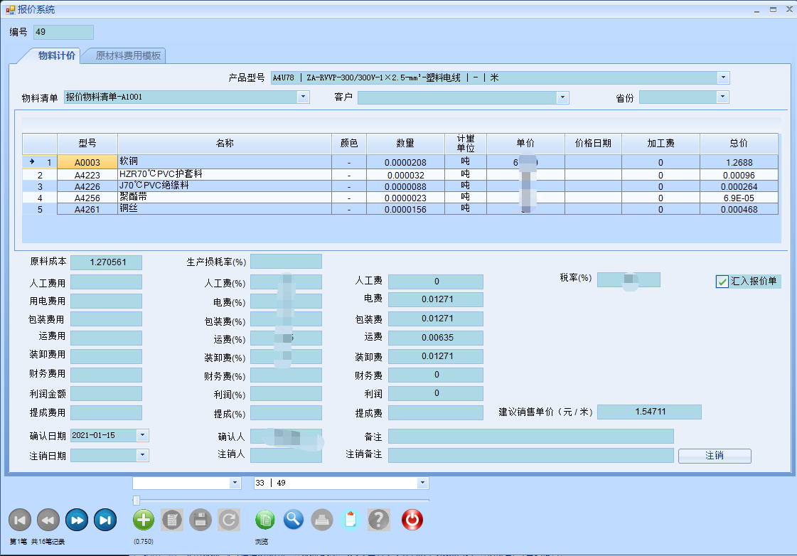 电线电缆网 > 线缆设计|参数计算 > 今年研发的报价系统,可免费试用,希望有人指点并做修改(完整版)
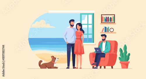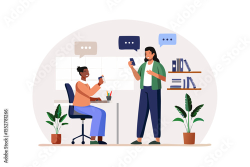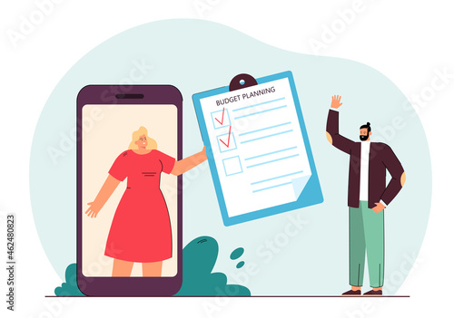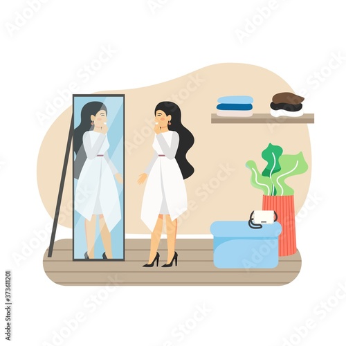 Молодая брюнетка примеряет белое платье перед зеркалом в модном бутике, плоская векторная иллюстрация. Магазин женской одежды, концепция красоты и моды.
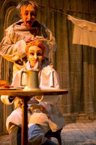 Pour réussir ce pari, les comédiens, accompagnés par la metteuse en scène Evelyne Castellino, on joué sur une condensation du texte, un jeu hyper physique, tout en énergie et en image, et des personnages identifiés par des masques, très réussis. Le spectacle est un tourbillon d’élans, d’idées, de situations qui se percutent. Il y a des gags tout le temps, du premier au dernier plan, et toute l’intrigue passe, à travers le mouvement et l’humour.
********
### [DIRECTIONS]
Strip out the pictures and reproduce the remaining material above exactly.

### [COMPLETED TASK]
 电线电缆网 > 线缆设计|参数计算 > 今年研发的报价系统,可免费试用,希望有人指点并做修改(完整版)
 Молодая брюнетка примеряет белое платье перед зеркалом в модном бутике, плоская векторная иллюстрация. Магазин женской одежды, концепция красоты и моды.
 Pour réussir ce pari, les comédiens, accompagnés par la metteuse en scène Evelyne Castellino, on joué sur une condensation du texte, un jeu hyper physique, tout en énergie et en image, et des personnages identifiés par des masques, très réussis. Le spectacle est un tourbillon d’élans, d’idées, de situations qui se percutent. Il y a des gags tout le temps, du premier au dernier plan, et toute l’intrigue passe, à travers le mouvement et l’humour.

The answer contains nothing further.